I couldn't find anything on SO on this. What I'm trying to do is generate 4 new columns on my existing dataframe, by applying a separate function with 4 specific columns as inputs and return 4 output columns that are not the 4 initial columns. However, the function requires me to slice the dataframe by conditions before usage. I have been using for loops and appending, but it is extremely slow. I was hoping that there was a way to do a MapReduce-esque operation, where it would take my DataFrame, do a groupby and apply a function I separately wrote.
The function has multiple outputs, so just imagine a function like this:
def func(a,b,c,d):
return f(a),g(b),h(c),i(d)
where f,g,h,i are different functions performed on the inputs. I am trying to do something like:
import pandas as pd
df = pd.DataFrame({'a': range(10),
'b': range(10),
'c': range(10),
'd':range(10},
'e': [0,0,0,0,0,1,1,1,1,1])
df.groupby('e').apply(lambda df['x1'],df['x2'],df['x3'],df['x4'] =
func(df['a'],df['b'],df['c'],df['d']))
Wondering if this is possible. If there are other functions out there in the library/ more efficient ways to go about this, please do advise. Thanks.

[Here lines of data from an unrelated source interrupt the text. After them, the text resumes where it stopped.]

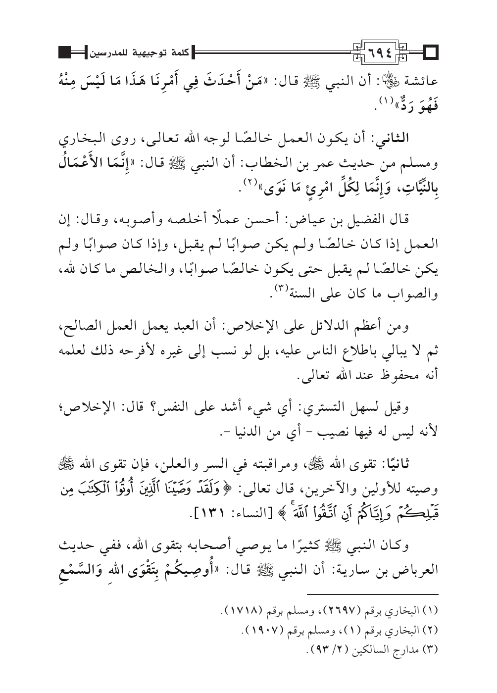 الثاني: أن يكون العمل خالصًا لوجه الله تعالى، روى البخاري ومسلم من حديث عمر بن الخطاب: أن النبي - صلى الله عليه وسلم - قال: «إِنَّمَا الأَعْمَالُ بِالنِّيَّاتِ، وَإِنَّمَا لِكُلِّ امْرِئٍ مَا نَوَى» (¬٢).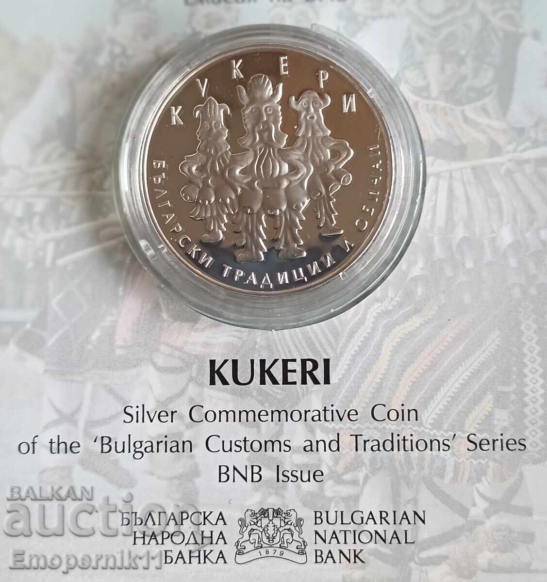 И това не е всичко. В същия аукцион има и втори тип сребърна монета с кукери – по-малка, но също висококачествена: 23.33 г тегло, диаметър 38.61 мм, гладък гурт и проба 999/1000. Тази серия е с по-голям тираж – 3000 броя, като монетата е лично закупена от БНБ.
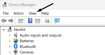 1.ÖppnaEnhetshanterarenpå din Windows 11-dator och klicka påSei den översta menyfliksområdet.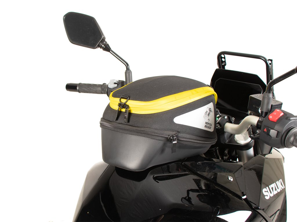- Vak na nádrž Hepco&Becker se jednoduše nasadí a díky důmyslnému mechanismu, se slyšitelně uzamkne na tankovém kroužku.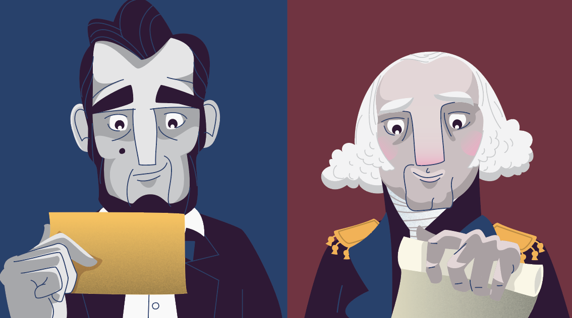 I honestly thought they were joking when the folks at Author’s Projects asked if I’d be interested in illustrating George Washington and Abraham Lincoln for a series of short TV ads for Presidents Day. Turns out, they were completely serious.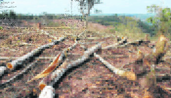 Se acaban de desmontar centenares de hectáreas. El proceso de desmonte es brutal y no hay sutilezas: para limpiar una parcela, en la mayoría de los casos se usan dos topadoras separadas decenas de metros entre sí y entre ellas se tensa una gruesa cadena que, de forma literal, arranca y derriba todo a su paso al avanzar las máquinas. Como en las películas de guerra, el lugar queda lleno de restos apilados, aplastado, polvoriento y en silencio.

EDIT: Here's a sample output
a b c d e f g h i
--------------------------
0 0 0 0 0 f1 g1 h1 i1
1 1 1 1 1 f2 g2 h2 i2
... and so on
The reason why I'd like this orientation of operations is due to the function's operations being reliant on structures within the data (hence the groupby) before performing the function. Previously, I obtained the unique values and iterated over them while slicing the dataframe up, before appending it to a new dataframe. Runs in quadratic time.